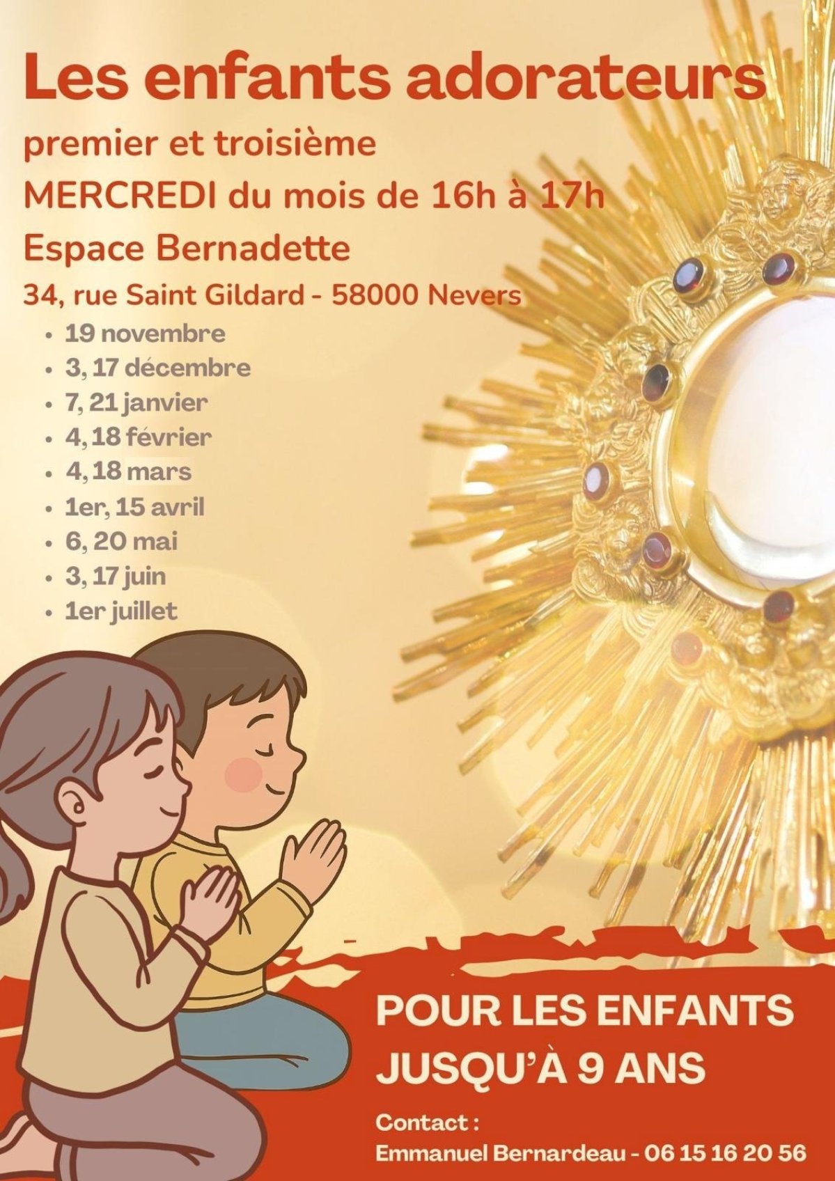 Adoration le Lundi de 19h à 20h30 et le Jeudi de 13h à 14h.
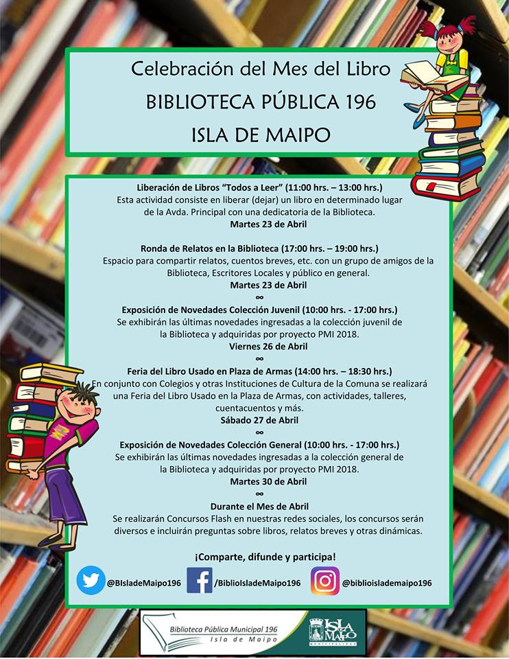 ACTIVIDADES QUE REALIZARÁ BIBLIOTECA PÚBLICA MUNICIPAL EN “MES DEL LIBRO”
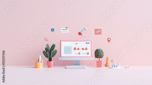 modern workspace featuring computer, plants, and colorful decor, ideal for digital marketing
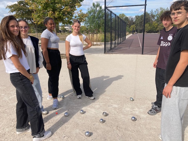 Le jeudi 9 octobre 2025 s’est déroulée la journée d’intégration de la 2nde OC, pour moitié occitaniste et pour moitié euro-espagnol, au parc Montcalm, histoire de faire connaissance dans une ambiance fédératrice. Au programme pique-nique et tournoi de pétanque. Chaque triplette portait le nom d’une ville occitane, entre Alpes, Jura et Pyrénées, Méditerranée et océan atlantique … C’est Carcassonne qui a triomphé de Limoges en finale! La sortie s’est très bien déroulée et a renforcé la cohésion du groupe. Les enseignants accompagnateurs étaient les deux professeures principales de la classe, Mme Michaleck, professeure de mathématiques et Mme Fraisse, professeure d’occitan, M. Labedan, professeur de SES en espagnol et d’EMC en occitan, et M. Bonnet, professeur de mathématiques actuellement en licence d’occitan grâce à la bourse « Ensenhar/ Enseigner » délivrée par l’OPLO (office public pour la langue occitane) qui a passé la semaine « en observation (et pas que!) dans l’établissement.
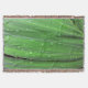 Fresh is the word, with spring showers on a spring green palm frond in the original photograph by ZoeSPEAK on this Throw Blanket. The photo is a closeup, showing the water droplets and details of the leaf after the sun has come out. The adonidia palm is often called Christmas palm because as it matures, the tree will bloom with white flowers and then red berries (seeds) around Christmastime.
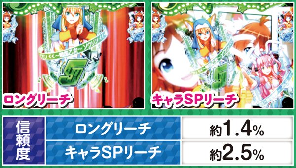 ロングやキャラSPリーチで直接大当りを狙うのは厳しいので、基本的には強アクションへの発展を期待したい。
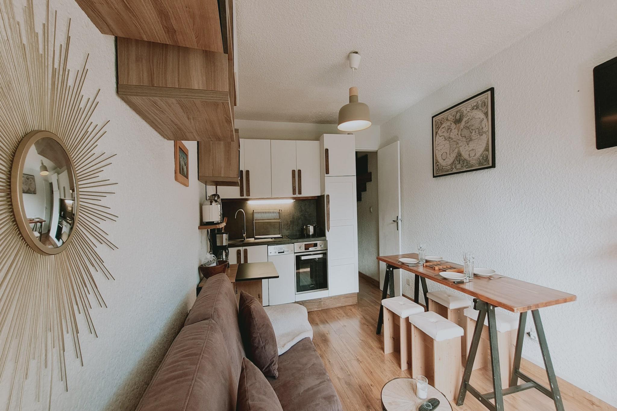 Denne lejlighed på 2 Place des Alpes i Résidence Meijotel ligger kun 20 meter fra skiområdet og 100 meter fra både byens centrum og supermarkedet og tilbyder uovertruffen bekvemmelighed for gæster, der ønsker at maksimere deres tid på pisterne og nyde det pulserende hjerte af Les Deux Alpes. Med elevatoradgang og en privat balkon er den ideel til par, familier eller små grupper, der søger komfort og tilgængelighed. Stuen har en dobbeltseng, en dobbelt sovesofa og et tv, mens køkkenet er fuldt udstyret med en elkedel, brødrister, kaffemaskine, ovn, mikroovn, køleskab, fryser og alt nødvendigt service og bestik - perfekt til selvforplejning. En vaskemaskine tilføjer ekstra bekvemmelighed ved længere besøg. Gæsterne kan slappe af i badeværelsets badekar, nyde frisk bjergluft fra balkonen og gøre brug af den medfølgende hårtørrer. Uanset om du er her for at stå på ski, vandre eller blot slappe af i alpine omgivelser, tilbyder denne lejlighed et stilfuldt og funktionelt tilflugtssted.
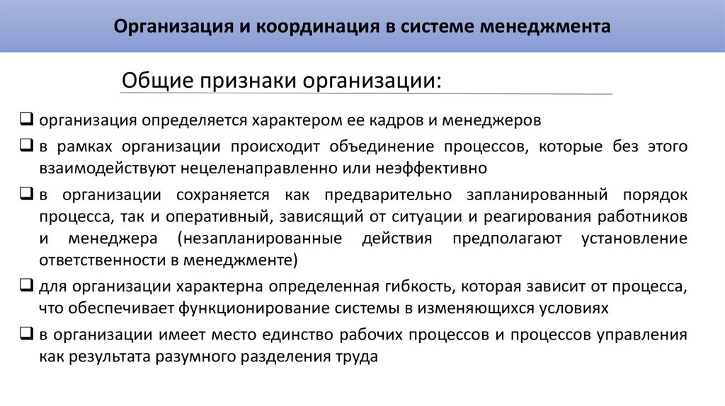 Организация и координация в системе менеджментаОбщие признаки организации:
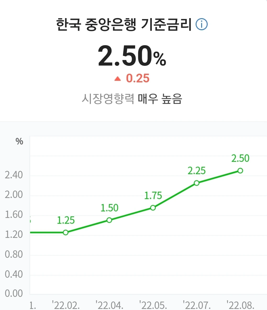 한국의 기준 금리가 계속 올라 현재 2.5%가 되었다. 이 수치는 2013년 5월 이후로 9년 만이다.

* * * * *

• _Action item_
Starting with the first line of the data above and ending with the line containing "modern workspace featuring", please restate every line exactly, leaving images out.

• _Result for this task_
 Adoration le Lundi de 19h à 20h30 et le Jeudi de 13h à 14h.
 ACTIVIDADES QUE REALIZARÁ BIBLIOTECA PÚBLICA MUNICIPAL EN “MES DEL LIBRO”
 modern workspace featuring computer, plants, and colorful decor, ideal for digital marketing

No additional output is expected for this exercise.